A comissão especial terá 34 integrantes a serem indicados pelos partidos. Rodrigo Maia deverá ler o despacho sobre a criação da comissão na primeira sessão da próxima semana. Procurada pelo GLOBO, Maia disse que decidiu criar a comissão especial a pedido de representante da Ajufe. A outra alternativa em jogo seria a votação direta no plenário. Com a criação da comissão, abre-se um novo debate sobre a questão.
Maia disse ainda que as novas regras, se aprovadas, não vão atrapalhar a Lava-Jato. Perguntado sobre o assunto, ele respondeu :
— O texto foi aprovado no Senado. Tenho a impressão que de forma nenhuma (vai atrapalhar a Lava-Jato) — disse o presidente da Câmara.
ARTIGO POLÊMICO TRATA DE PRISÃO PREVENTIVA
Em linhas gerais, o projeto “define os crimes de abuso de autoridade, cometidos por agente público, servidor ou não, que, no exercício de suas funções ou a pretexto de exercê-las, abuse do poder que lhe tenha sido atribuído”. Quando o assunto entrou em debate no Senado, o ex-procurador-geral Rodrigo Janot chegou a apresentar uma proposta alternativa ao projeto original de Requião. Mas várias sugestões não foram acolhidas.
Diante da forte reação de juízes, procuradores e de outros segmentos da sociedade, os senadores entenderam por bem excluir o artigo que previa punição para interpretações distorcidas da lei em decisões judiciais, o chamado crime de hermenêutica. Mas, ainda durante a sessão de aprovação, senadores alertaram sobre outros trechos do projeto que poderiam enfraquecer a atuação de procuradores e juízes e foram mantidos.
Um dos pontos mais problemáticos estaria no artigo 9º. “Decretar a prisão preventiva, busca e apreensão, ou outra medida de privação de liberdade, em manifesta desconformidade com as hipóteses legais”, diz o texto. A pena para este crime é de um a quatro anos de detenção e multa. Na época da votação, o senador Randolfe Rodrigues (Rede-AP) disse que o artigo implicaria, no fundo, no crime de hermenêutica.
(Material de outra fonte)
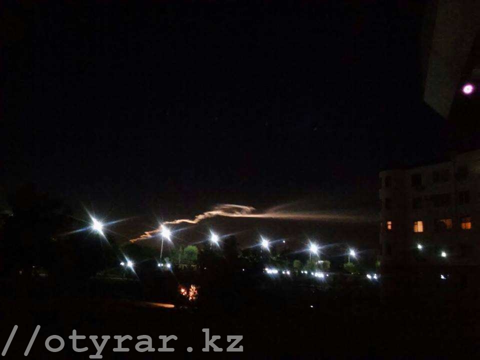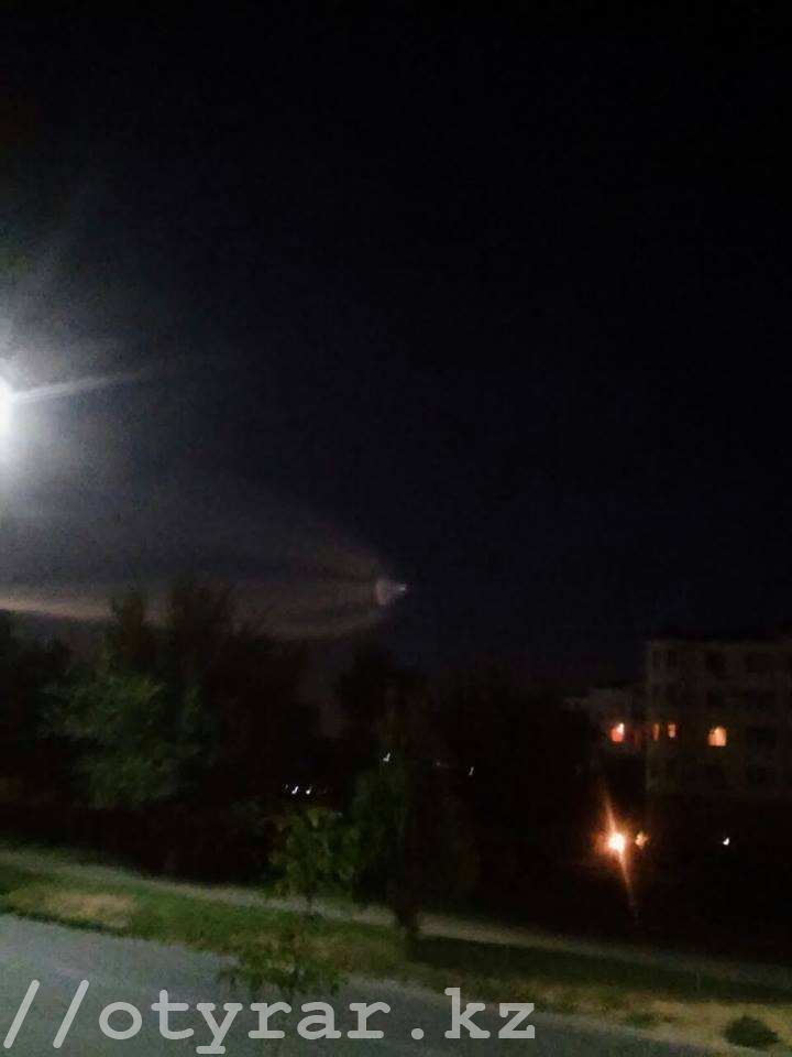 Летящий по ночному небу странный объект напугал шымкентцев. Конусообразный объект медленно двигался по ночному небу, оставляя за собой яркий дымный след. Особенно хорошо объект смогли разглядеть жители микрорайона «Нурсат».

Ou seja, poderia representaria uma ameaça a atuação de toda a magistratura no país.
O projeto foi aprovado em abril, depois de intenso debate no plenário do Senado, e imediatamente enviado a Câmara. Desde então, a proposta estava parada na Mesa da Câmara. Na quinta-feira, Maia assinou despacho para criar a comissão especial e acelerar a deliberação final sobre o assunto.
O projeto sobre abuso de autoridade foi aprovado pelo Senado na esteira da homologação do acordo de delação premiada de 77 executivos da Odebrecht. Maior acordo de colaboração desde o início da Lava-Jato, a delação dos executivos da empreiteira atingiu a reputação dos líderes dos principais partidos do país. As restrições previstas na lei seriam uma tentativa de reduzir poderes dos investigadores e, com isso, conter o avanço das investigações.
TÁTICA PARA REBATER ACUSAÇÕES
Juizes e procuradores estão preocupados com o projeto porque as mais acirradas disputas em processos judiciais, sobretudo na Lava-Jato, ocorrem em torno de decisões sobre prisões, conduções coercitivas e buscas. Muitas vezes em dificuldades para rebater o conteúdo das acusações, advogados usam como tática atacar aspectos formais do processo.
Hoje essas discussões são breves e quase não tem repercussão sobre os processos ou mesmo sobre o comportamento das autoridades. Mas, com a previsão de punição para decisões “em desacordo com a lei”, o risco de inversão de papéis entre investigadores e investigados se torna mais evidente.